(DATA EXCERPTS Opens)

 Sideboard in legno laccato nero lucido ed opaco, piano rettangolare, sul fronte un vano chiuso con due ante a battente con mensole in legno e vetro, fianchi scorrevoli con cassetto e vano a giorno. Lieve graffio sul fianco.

(DATA EXCERPTS Closes)
(DATA EXCERPTS Opens)

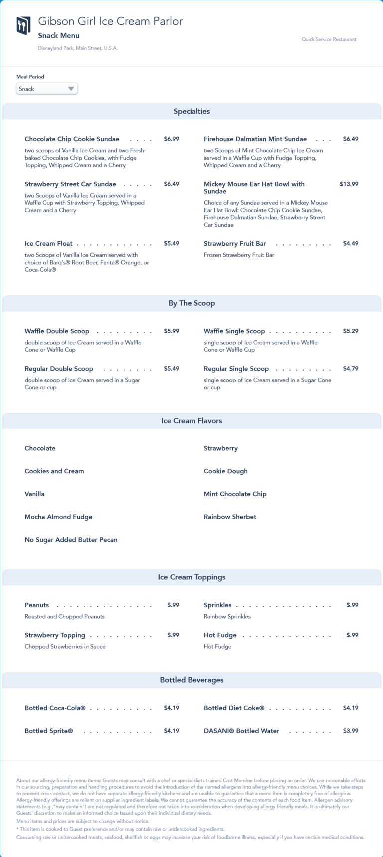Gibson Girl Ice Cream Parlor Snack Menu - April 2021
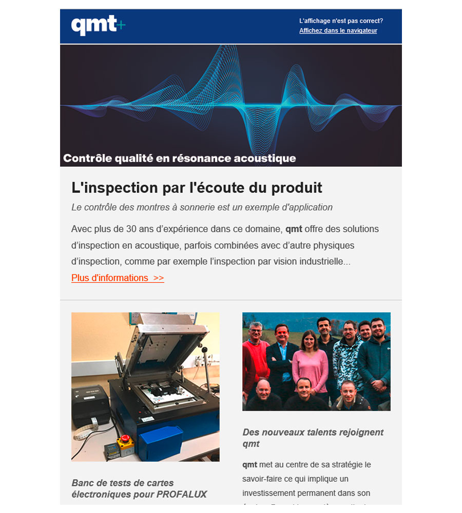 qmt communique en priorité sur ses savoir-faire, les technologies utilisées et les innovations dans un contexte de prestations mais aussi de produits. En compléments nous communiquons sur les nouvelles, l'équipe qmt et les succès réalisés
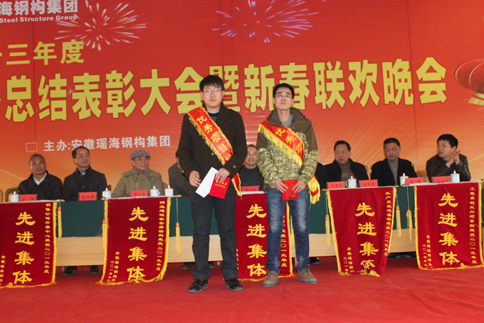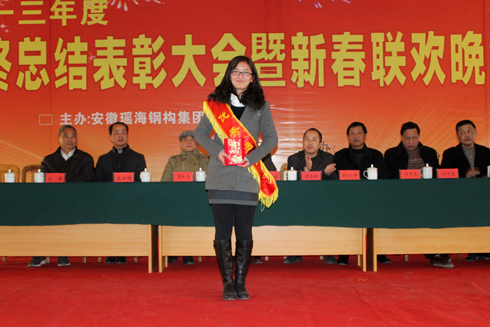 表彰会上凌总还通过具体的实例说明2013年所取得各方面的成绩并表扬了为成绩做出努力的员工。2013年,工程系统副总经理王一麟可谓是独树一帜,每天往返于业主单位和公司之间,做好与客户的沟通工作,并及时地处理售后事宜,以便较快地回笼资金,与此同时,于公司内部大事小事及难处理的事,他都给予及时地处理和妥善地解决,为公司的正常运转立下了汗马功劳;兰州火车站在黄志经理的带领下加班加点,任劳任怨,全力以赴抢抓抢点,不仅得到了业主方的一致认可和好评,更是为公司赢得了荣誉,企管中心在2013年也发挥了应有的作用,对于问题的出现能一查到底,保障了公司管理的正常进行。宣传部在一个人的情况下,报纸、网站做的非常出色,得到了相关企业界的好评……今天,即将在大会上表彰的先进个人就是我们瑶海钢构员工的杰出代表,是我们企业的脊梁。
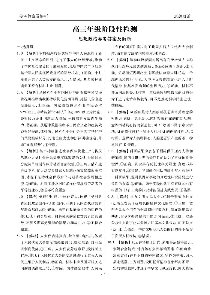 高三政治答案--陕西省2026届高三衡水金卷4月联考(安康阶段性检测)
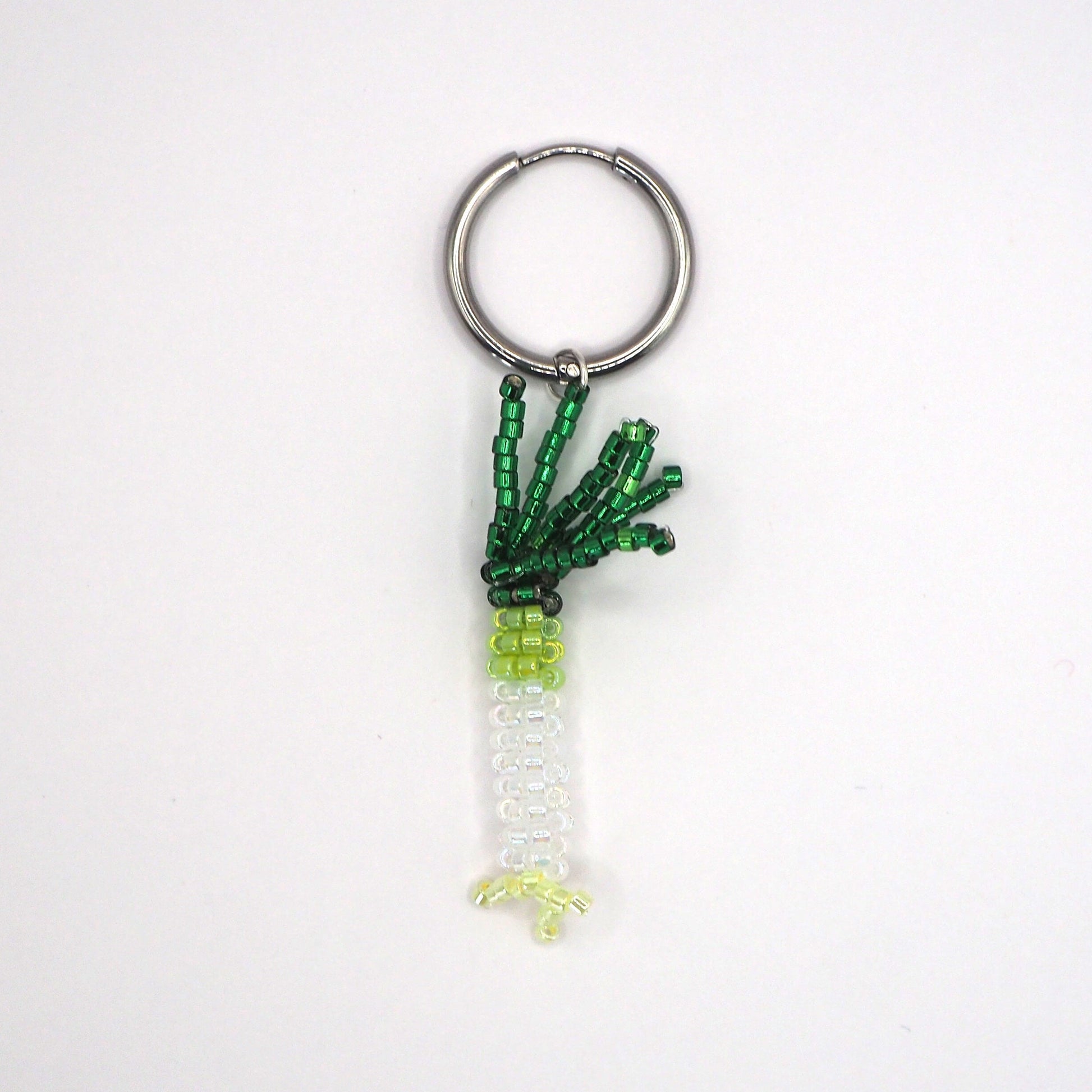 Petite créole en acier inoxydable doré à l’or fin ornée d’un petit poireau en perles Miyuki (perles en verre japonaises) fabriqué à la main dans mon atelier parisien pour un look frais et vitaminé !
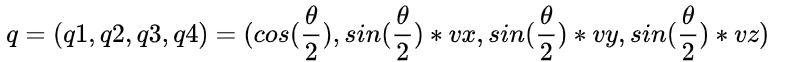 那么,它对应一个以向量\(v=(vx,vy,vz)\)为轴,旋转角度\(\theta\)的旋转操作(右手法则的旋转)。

(DATA EXCERPTS Closes)

Only one stretch of the material above is wanted: the line containing "Petite créole en" through the line containing "那么,它对应一个以向量\(v". Restate it word for word, minus the pictures.

_TASK RESPONSE_
 Petite créole en acier inoxydable doré à l’or fin ornée d’un petit poireau en perles Miyuki (perles en verre japonaises) fabriqué à la main dans mon atelier parisien pour un look frais et vitaminé !
 那么,它对应一个以向量\(v=(vx,vy,vz)\)为轴,旋转角度\(\theta\)的旋转操作(右手法则的旋转)。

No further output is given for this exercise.